Настькин папа был известным в деревне мастером по выкладыванию печей и закладыванию за воротник, и каждый раз придумывал такие невероятицы, чтобы добраться до вожделенной читушки, прям «Любовь и голуби».
Шторы в комнате были плотно задернуты, с дивана доносились тяжкие стоны похмельного организма.
- Ооооххх, как тяжко… Насть, ты? Что там Димка сказал?
- Димка сказал, что ты симулянт и хитрован – я придвинул стул к дивану и уселся, облокотившись на спинку. – Ты зачем ребенку-то голову дуришь? В город он собрался, лечиться. Если в бар ко мне наметил похмеляться, то не угадал.
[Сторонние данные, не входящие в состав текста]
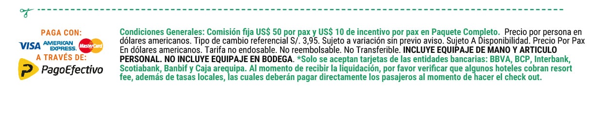 • Impuestos necesarios para la emisión del boleto sujeto a cambios sin previo aviso.
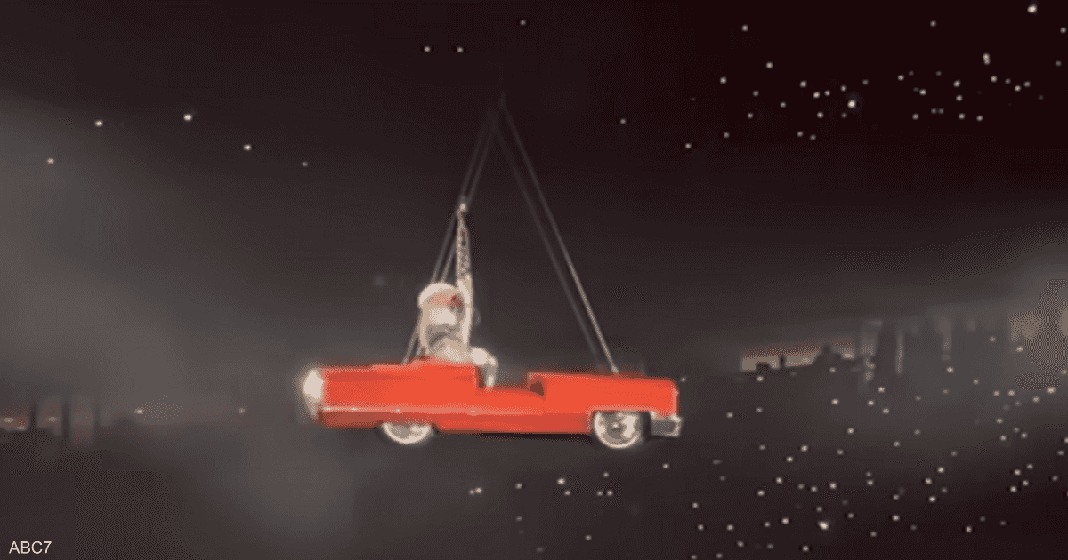 وفجأة، بدا أن الحبل الذي يثبت السيارة قد علق، فبدأت السيارة تنحرف وتتمايل بشكل خطير في الجو.

Сам никогда не похмеляюсь и тебя похмелять не стану.
- Что же ты такой нехороший.
- Какой есть. А ты завязывал бы бухать уже. Охота тебе так по утрам помирать?
- Оооохххх….
- Ладно, я поехал, некогда мне. И Настьку больше не гоняй, имей совесть.
Настя ждала меня на улице. Увидела и сразу протянула руку:
- Давай конфету.
Я улыбнулся, насыпал ей полные ладошки сладостей и запрыгнул в машину…
В нагрузку к пельменям и голубцам Танюха, старшая из трех сестер Лаптевых, вручила мне трехлитровую банку ледяного молока с толстенной шапкой сливок.
- Вот за это отдельное спасибо!
- На здоровье – улыбнулась Танюха. – На следующей неделе не забудь за следующей партией приехать.
- Я бы, может, и забыл, да гости без ваших деликатесов жить не могут. Так что буду как штык!
Парковку у бара заняли собой три междугородних автобуса. Ого, как же они все в баре-то поместились?
Игорь увидел меня и обрадовано выдохнул. Оно и понятно, с таким количеством гостей все запасы моментально закончились. Ну что, засучим рукава и в работу с головой…
Выдохнули мы только ближе к полднику.
- А ведь еще и вечером народу будет полон зал – Игорь вымученно улыбнулся. – Такими темпами нам скоро расширяться придется и народ набирать.
- Зачем?
- Как зачем? Деньги сами в руки идут!
- Тебе не хватает разве?
- Да, в общем, хватает, просто…
- Лучшее враг хорошего, я точно знаю. Пока наш бар такой, как сейчас, мы в нем все делаем на отлично. Как только он станет больше и появятся новые люди, все рухнет.
- Почему?
- Потому что станет больше процессов, которые нужно контролировать. Плюс человеческий фактор. Мы тут все от души работаем, а новые люди придут за зарплатой. Кончится наш бар сразу же, появится обычная столовка. А вот если мы с тобой еще небольшой мотель тут построим…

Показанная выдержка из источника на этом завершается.